0

I want to convert special characters which I see during web-page reading to the ASCII format. I've tried a lot, but I can't figure it out. I will give some examples below which are stored in a string in Python.I don't know what the current encoding of the web-page is, but I want to convert it to ASCII format.

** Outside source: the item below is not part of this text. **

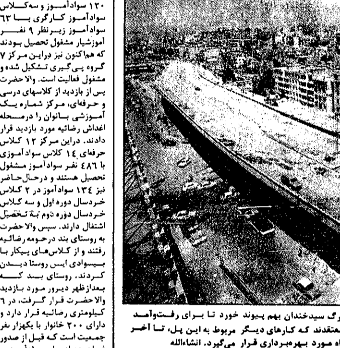
سرتانجام پس از چندسال قسمت‌های پیش ساخته پل بزرگ سید خندان بهم پیوند خورد تا برای رفت‌وآمد اتومبیلها مورد استفاده قرار گیرد. مقامهای شهرداری معتقدند که کارهای دیگر مربوط به این پل، تا آخر مرداد ماه به پایان میرسد و از این طلسم شکست، در همین ماه مورد بهربرداری قرار می‌گیرد. انشاءالله

Apaydın Ünal > want this to Apaydin Unal
Íñigo Martínez > want this to Inigo Martinez
Üstünel > want this to Ustunel

Who can help me?

EDIT: Thanks, I forgot. I'm using Python 2.7

Coryza
  • 231
  • 1
  • 3
  • 12
  • What Python version are you using? Assuming Python2, `MyString.encode('iso-8859-1')`. Encodings are heavily depended on the console or output you're using, the version of Python and depending on the format the data arrives in you convert it a little bit differently. – Torxed Mar 24 '14 at 08:50
  • This results in errors. UnicodeDecodeError: 'ascii' codec can't decode byte 0xc3 in position 7: ordinal not in range(128). When trying to convert string 'Sönmez' – Coryza Mar 24 '14 at 08:52
  • `x.decode('utf-8').encode('iso-8859-1', errors='replace')` will decode the string into something that ascii can understand, and then re-encode it into a character encoding your output understands. which produces: `'\xc3?st\xc3\xbcnel > want this to Ustunel'` in my console most likely because i'm not using **iso-8859-1**, i'm actually using UTF-8. Also mentioning where you read this output would be nice, webbrowser, console (if so, which OS), text-file? – Torxed Mar 24 '14 at 08:55
  • I'm reading this from m.facebook.com website. This results in strings like Y?ld?z and K??lal?, which is not the desired result. – Coryza Mar 24 '14 at 09:00
  • When reading date from facebook your are most likely not using UTF-8 connection thus making your data look like this. – ek9 Mar 24 '14 at 09:01
  • @Coryza Would be nice to see the code you're using to retrieve the facebook data. First off, you should be using their API. Secondly, if you're using sockets, you need to manually determain the encoding, one easy way to do it is to check the headers from the GET data and also the block.. can't remember off the top of my head.) – Torxed Mar 24 '14 at 09:57

1 Answers1

1

Give https://pypi.python.org/pypi/Unidecode a try:

>>> from unidecode import unidecode
>>> unidecode(u'ko\u017eu\u0161\u010dek')
'kozuscek'

And to detect the encoding, see the question Determine the encoding of text in Python

Community
  • 1
  • 1
Marco Mariani
  • 13,556
  • 6
  • 39
  • 55